An orthogonal system disregards the landscape, which is in fact what we have to live with and in.  Two towns ten miles apart along a navigable river are in a sense closer than two towns five miles apart with a mountain range between them. Our approach to semantics is that of conforming to the landscape of text data, which is probably better described as being fractal than being orthogonal.

In our current effort to develop a French semantic dictionary, we ran across the word TSOIN in two stop lists posted on the Web. It was not in my old pocket Larousse, but an online French lexicon explained that it usually appeared in the doubled form “tsoin-tsoin.” Unfortunately, it had “no official definition.”

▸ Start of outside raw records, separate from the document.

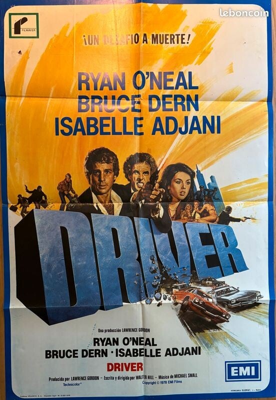 Affiche Cinéma originale espagnole du film "Driver", de Ryan O'Neal, Isabelle Adjani et Bruce Dern.
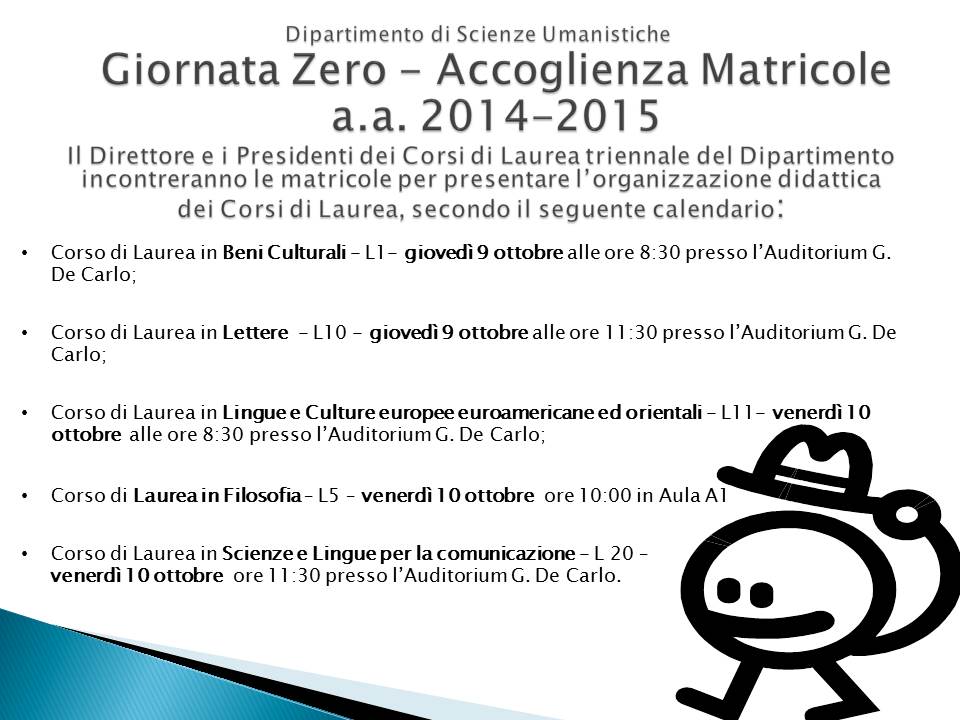 Incontri con gli studenti iscritti al Primo anno (9-10.10.2014)
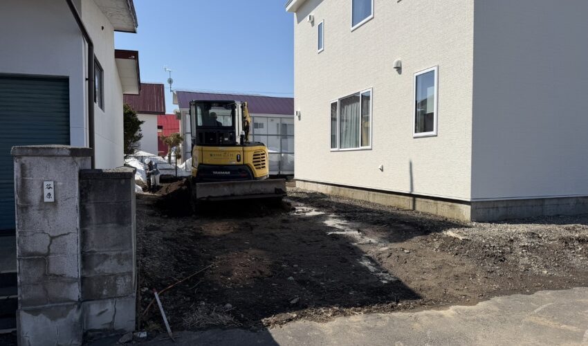 現在は、重機を使用して下地に必要な高さの分を掘り下げる作業を行い、掘削した土の搬出を進めています🚧
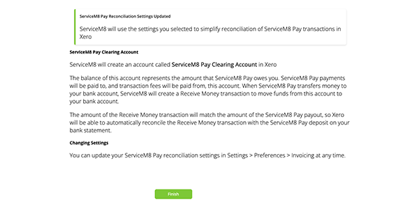 - When the funds are transferred to you, ServiceM8 will create a transaction in your accounting package to move the correct amount from your ServiceM8 Pay Clearing Account to your Bank Account.
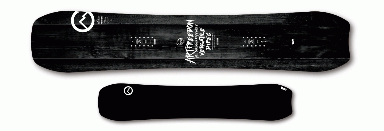 ARTISTE를 베이스로 개발된 프리라이드 모델. 다루기 쉬운 플렉스와 조작성 높은 토션을 가지면서 우수한 활주성능을 더한 모델입니다. 낮음 캠버와 살짝 말린 킥커 형태의 베이스가 파우더를 포함한 어떠한 조건의 눈에서도 우수한 주파성능을 발휘합니다. 테이퍼 쉐이프에 의한 쉬운 턴 성능과 우수한 활주력으로 호쾌한 프리런을 가능하게 합니다. 물론 깔끔하게 잘리는 카빙성능도 우수합니다. 또한 ARTFREEDOM은 다채로운 셋팅이 가능한 VERSATILE HOLE PATTERN을 채용. 셋백 0 포지션에서는 트윈팁과 비슷한 필링을 살려서 파크를 공략하기 좋고, 셋백을 많이 주는 것으로 파우더에서의 부력이나 하이스피드 프리런 성능을 향상시킬 수 있습니다. 다양한 스탠스 포지션에 따른 자신만의 스타일이나 상황에 맞춰 대응캐 해주는 자유도 높은 모델입니다. 20/21 모델에서는 초경량 FM2 CORE를 새로이 채용. 향상된 컨트롤과 스핀성능을 실현하였습니다. 또한 스퀘어 노즈를 채용하여 파우더 활주시의 부력과 주파성이 대폭 향상되었습니다.

How can an expression common enough to be included on a stop list have no meaning? At this point, contextual semantics came in to save the day. Who really needs a normative model-driven definition? We could simply apply our standard structural methods to characterize where the expression occurs.

To begin with, there is a French Wikipedia tongue-in-cheek article about the African “tsoin-tsoin fly” that carries a lethargic disease that kills a person in about twenty or thirty years. A French rock band issued an album with “tsoin-tsoin” in its title. Several bloggers or forum posters have it in their user names.

So we can infer that “tsoin-tsoin” is probably not obscene. It seems to have some negative connotations like “slacker” or “lazy,” but in a somewhat positive way. A similar English adjective would be “laidback,” and one may perhaps even say “cool.”

Actually, our sample size is much too small to make any reliable definition yet, but with more examples of its occurrence,  we can eventually home in on a broadly accepted meaning. In a sense, this meaning is still being developed in popular usage; we are watching contextual semantics at work in real life.